======== Dataset records ========

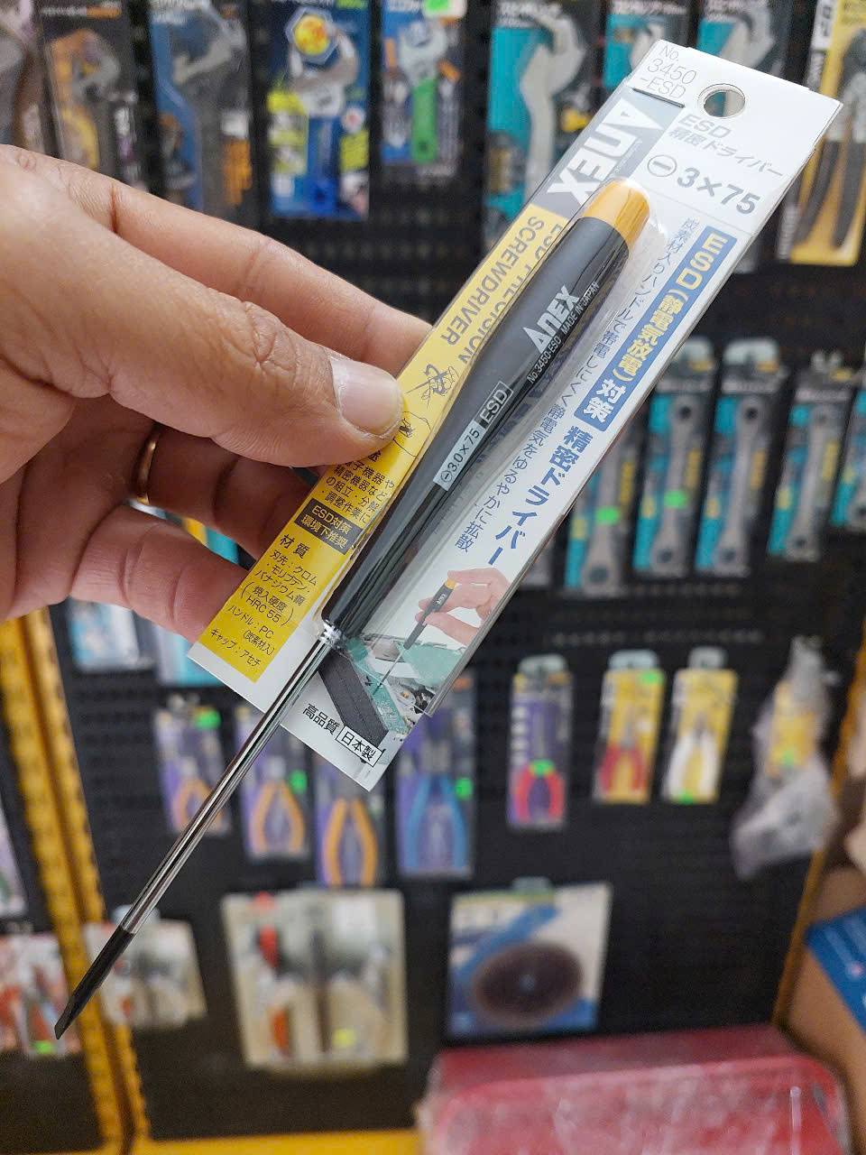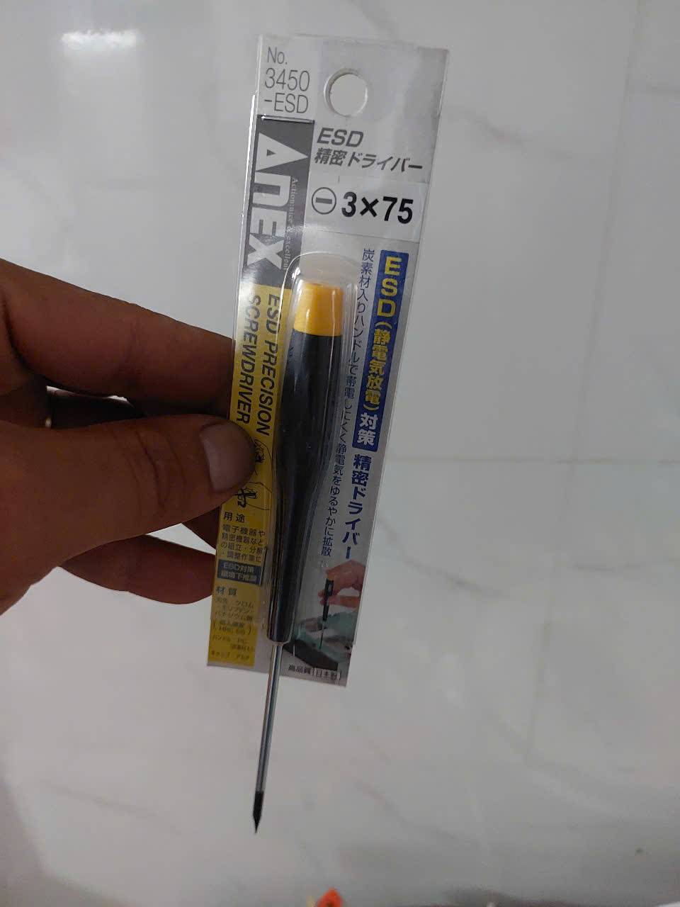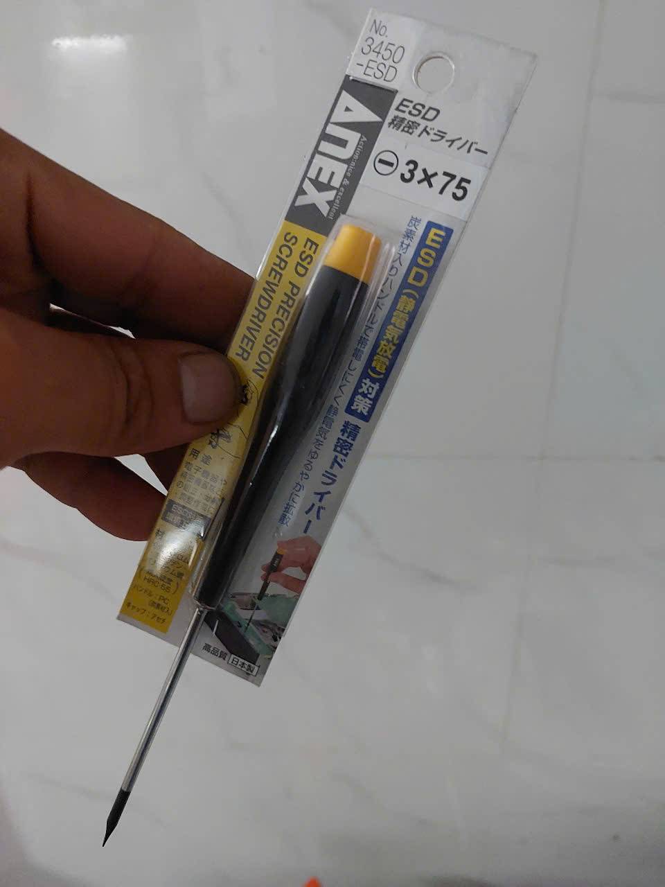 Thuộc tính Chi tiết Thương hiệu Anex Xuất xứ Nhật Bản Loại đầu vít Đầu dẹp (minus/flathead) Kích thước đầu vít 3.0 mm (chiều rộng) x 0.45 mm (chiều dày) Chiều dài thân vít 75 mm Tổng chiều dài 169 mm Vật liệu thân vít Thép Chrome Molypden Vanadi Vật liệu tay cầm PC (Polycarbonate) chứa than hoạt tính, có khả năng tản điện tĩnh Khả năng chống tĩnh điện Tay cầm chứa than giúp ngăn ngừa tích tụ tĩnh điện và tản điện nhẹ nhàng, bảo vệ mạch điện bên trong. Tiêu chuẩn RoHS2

========
======== Dataset records ========

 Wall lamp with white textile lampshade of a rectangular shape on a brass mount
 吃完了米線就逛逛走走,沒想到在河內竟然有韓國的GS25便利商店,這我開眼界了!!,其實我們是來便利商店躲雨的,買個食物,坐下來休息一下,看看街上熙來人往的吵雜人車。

========

- **Directions**:
Scan the records above for the lines holding "Wall lamp with" and "吃完了米線就逛逛走走,沒想到". Transcribe those two and every line between them word for word, and no others.

- **Result**:
 Wall lamp with white textile lampshade of a rectangular shape on a brass mount
 吃完了米線就逛逛走走,沒想到在河內竟然有韓國的GS25便利商店,這我開眼界了!!,其實我們是來便利商店躲雨的,買個食物,坐下來休息一下,看看街上熙來人往的吵雜人車。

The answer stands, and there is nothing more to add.